READ MORE: Former FM Jack McConnell: 'We need a second chamber to police Holyrood'
“I shouted for myself and my friends at that time. I felt really strongly because so many were affected by it. Now, I look at kids who haven’t even had the chance to sit those exams. I can’t even imagine how they feel, because that’s their entire future. And it’s not just those sitting exams. My children are in primary school. You can’t believe how quickly they can learn. If you take three months away from that it’s a huge thing.”
She said she was sceptical about the two-metre rule, and thought teachers should get all the support they needed to do their job.
She went on: “Education is the key to everything. Countries are built on their education system. If we fail children, the effects will last for years and years.
“It feels like they [ministers] haven’t seen this coming. Education has a huge ripple effect into all aspects of society but I feel like it’s been on the backburner.
“For me, I feel like John Swinney and Nicola Sturgeon’s legacy lies on this. This will be the thing that people talk about in 20 years time. Do they want to have that on them?
“It’s how we deal with these situations that shapes us a country.
“I don’t feel it was being taken seriously. I feel there’s been a turnaround, they do seem to be understanding now, but they have to get kids back into school. There is no other way to do it.
“Move mountains – but just get them into school. The buck stops with John Swinney and Nicola Sturgeon and they need to take full control.”
“Everyone knows how hard teachers are working. Most of them are parents too. I just want them to have the support they need. If they want it, they should get it, the same way as NHS staff. When there wasn’t enough PPE they got it in there. That’s how teachers should be.
“They should be so respected just now because they’re such a valuable asset.”
“Initially with the SQA fiasco was like, ‘Oh this will be. Then as more noise was made, people realised it wasn’t fine. This was kids’ futures.
“And when blended learning came out, it was very similar. With this 2m rule you can only have a small percentage of schooling, this is how has to be, so accept it.
“But we haven’t accepted it and I don’t think parents will accept it.”
A Scottish Government spokesperson said: “When schools reopen on August 11, we expect councils to have made arrangements that maximise the time that pupils spend having face-to-face learning safely.

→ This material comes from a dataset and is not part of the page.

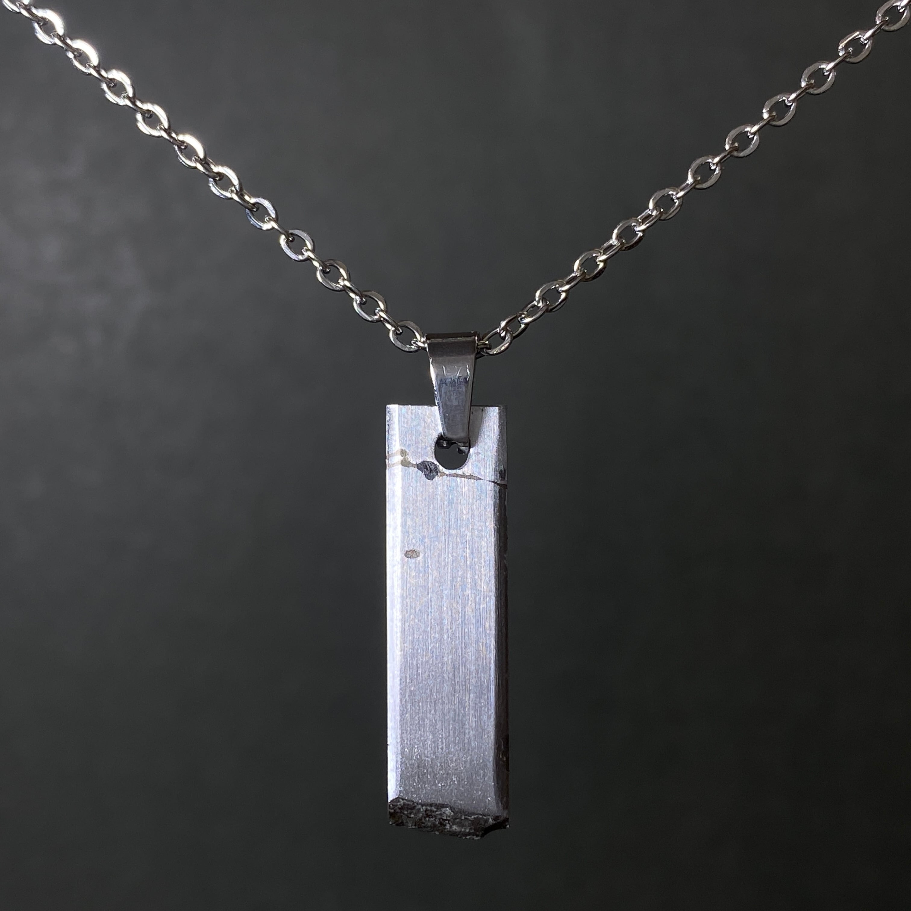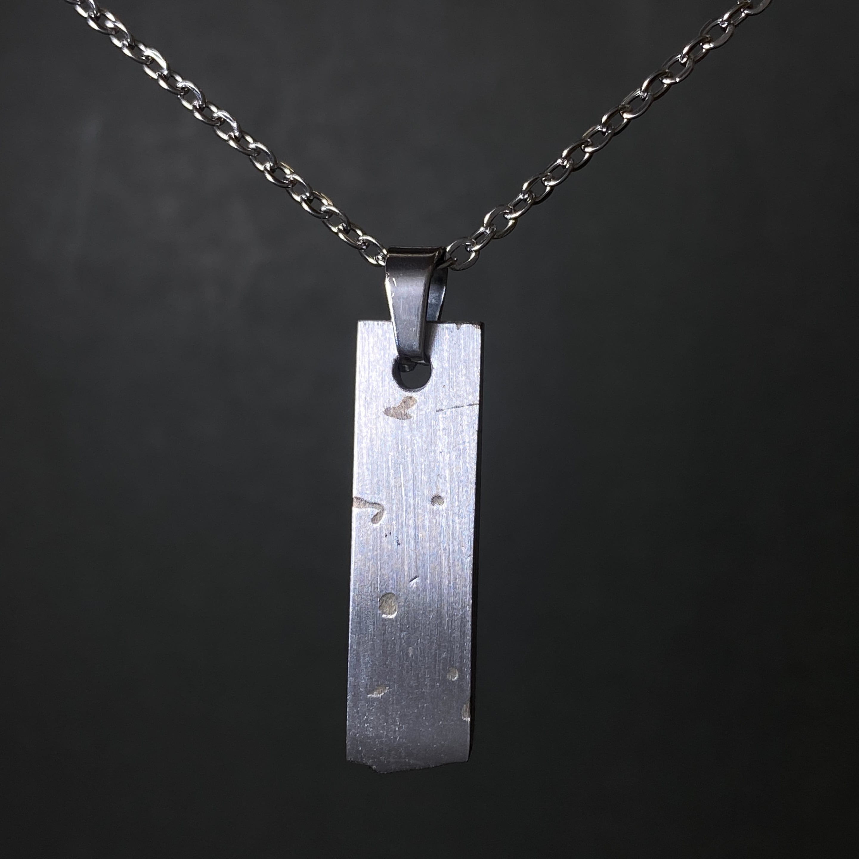2000年にロシアで発見された隕石です。鉄隕石の一種で、ウィドマンシュテッテン構造が出ないアタキサイトに分類されます。それは隕石の主成分である鉄とニッケルの成分比の違いによるもので、ドロニノ隕石はニッケルが25%以上あるのが特徴です。そのためスライス品の鏡面仕上げが一般的で、その断面にトロイライトという黒いポツポツがあるのも特徴の1つです。

“We don’t want blended learning to be in place a moment longer than is necessary, so we will be working with councils to return schools to normality as soon as it is safe to do so.”
Professor Jason Leitch, the Scottish Government’s National Clinical Director, said on Friday that the 2m rule would stay in Scotland for several weeks at least.
He also told the BBC it was “too early to say for sure” if schools would be back full time by August, but it was “unlikely”.
The First Minister’s office was contacted for comment.